No question goes unanswered as past events are recounted and prominent Catholic colonists described by the energetic 64-year- old, who recently published his third book.
It took seven years to complete “Catholics in Colonial Delmarva.” The book covers everything from the first European to set foot in the region in 1524 – Italian explorer Giovanni Verrazano – to the consecration of John Carroll as first bishop of the United States in 1790.
“He’s a relentless researcher,” said the Rev. John M. Hynes, of St. Catherine’s of Siena, a Catholic church in suburban Wilmington, Del. “The detail is unbelievable. It [the book] probably will be an original source for a long time to come.”
Dr. John A. Munroe, who holds the H. Rodney Sharp Chair of History at the University of Delaware, concurred.
“He’s traced the earliest Catholics on the whole peninsula with great care,” Munroe said. “It’s a very scholarly investigation of its subject.”
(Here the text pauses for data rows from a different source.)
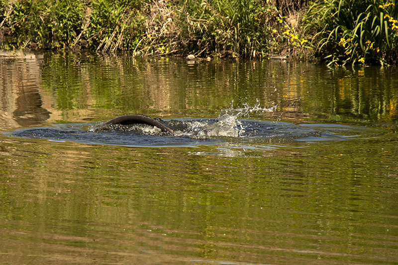 Nakonec zkouším něco jiného a rozkrmuji flek naproti pod břehem zhruba kilem tygřáku. Zkusím štěstí na Chod, i kdyby se teď kapři nekrmili, zvědavost je jejich nepřítel. Stačí, když pojedou kolem. Při čekání na záběr jsem konečně mohl dopsat článek z předchozí výpravy a začít psát tento. Volná chvilka přišla vhod. Mezičas si vyplňuji fotografováním okolní přírody. Prostě super relaxační den. Zrovna si tak sedím a pozoruji vodu, když najednou slyším vyvádějící ryby blíž a blíž. Postupně se k nám blíží zpoza rohu. Když už jsou úplně před námi, tak odhalujeme pravdu o kaprech ve tření.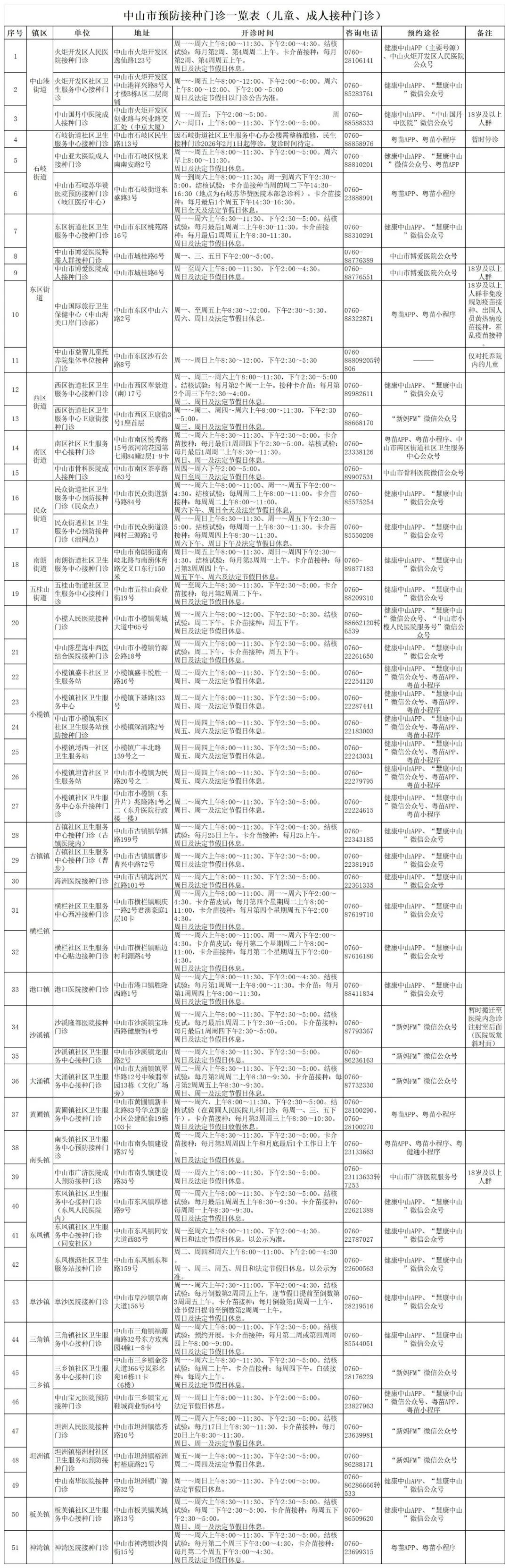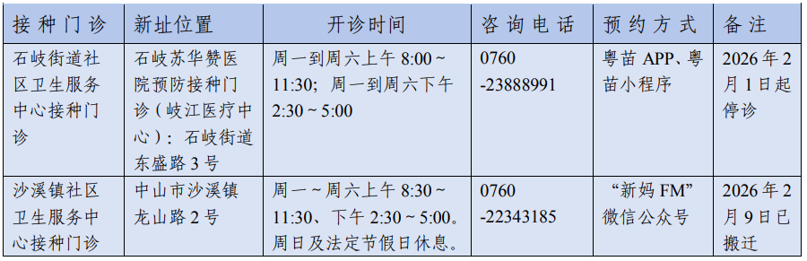 @中山市民朋友:近期,石岐街道和沙溪镇社区的卫生服务中心接种门诊整体装修或搬迁,服务地址变更如下:1.石岐街道社区卫生服务中心接种门诊停诊,市民可到石岐苏华赞医院预防接种门诊(岐江医疗中心)接种疫苗,地址:石岐街道东盛路3号。2.沙溪镇社区卫生服务中心接种门诊新地址:中山市沙溪镇龙山路2号(龙山中学旁)。开诊时间和预约方式见下表: 编辑 朱晓宇 订阅后可查看全文(剩余80%)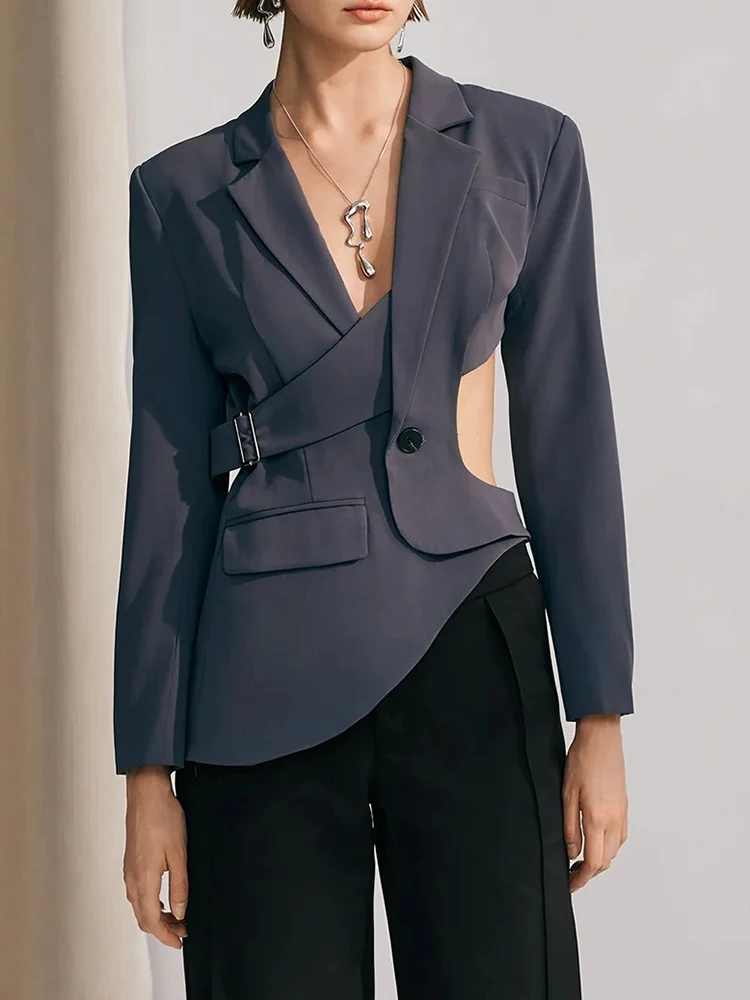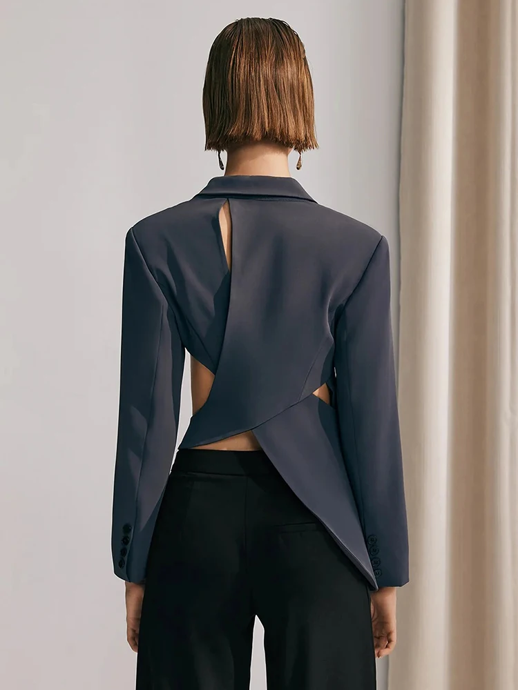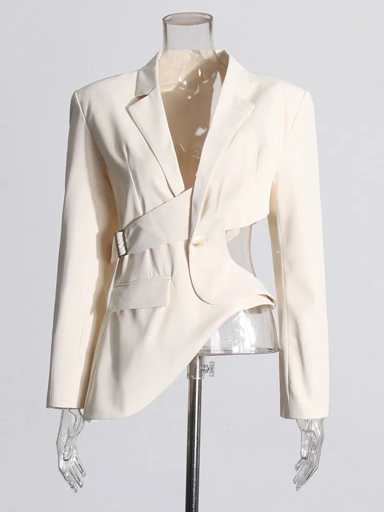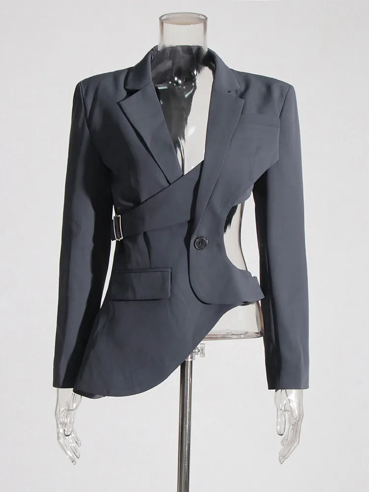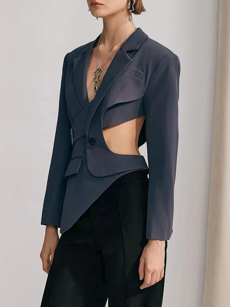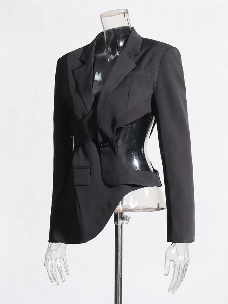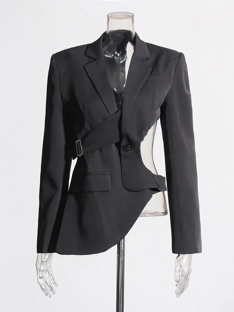 VGH Irregular Hollow Out Elegant Blazer For Women Notched Collar Long Sleeve Spliced Button Temperament Slimming Blazers Female

Hynes has known Peterman for 37 years – and remembers him doing research just as long. “We would visit each other … and go for walks in the country and he would be very conversant on these remote regions,” he said.
Peterman said, “It’s exciting to find things that haven’t been found before.”
Much of the research on his latest effort was conducted on days off from his pastoral duties at St. Dennis Church in Galena, in libraries and archives in Baltimore, Annapolis, Washington, D.C., and Dover, Del.
Peterman said he spent only as much time as he liked during each visit to prevent the research from becoming a chore. Writing would usually take place between 9 and 11 p.m.
“Definitely not past midnight,” Peterman said, as his nightly routine also includes walking his golden retriever and about half-an-hour of prayer.
The idea for the book came from a series of articles written by Peterman and published in The Dialogue, a newspaper that serves the Catholic Diocese of Wilmington. The diocese encompasses Delaware, Maryland’s Eastern Shore and – until 1974 – the two counties on the Eastern Shore of Virginia.
About one-third of the book stems from these articles, the first of which appeared seven years ago, Peterman said.
People who were clipping the articles began to ask Peterman when he’d publish them in book form.
“It stirred up a lot of interest,” Peterman said.
After Peterman graduated from St. Mary’s Seminary in Baltimore in 1957, the Milford, Del., native went on for theological studies at the Catholic University of America.
It was there that the late Monsignor John Tracy Ellis, a renowned history professor, spurred Peterman on to research the life of Thomas A. Becker, the first bishop of the Wilmington Diocese. The subject became Peterman’s doctoral dissertation, completed in 1980 at Catholic.
“I began my research about 40 years ago when Monsignor Ellis told me, `get busy and write your diocese in history. You can do it and there’s plenty of rich history there for you to write,’ ” Peterman said.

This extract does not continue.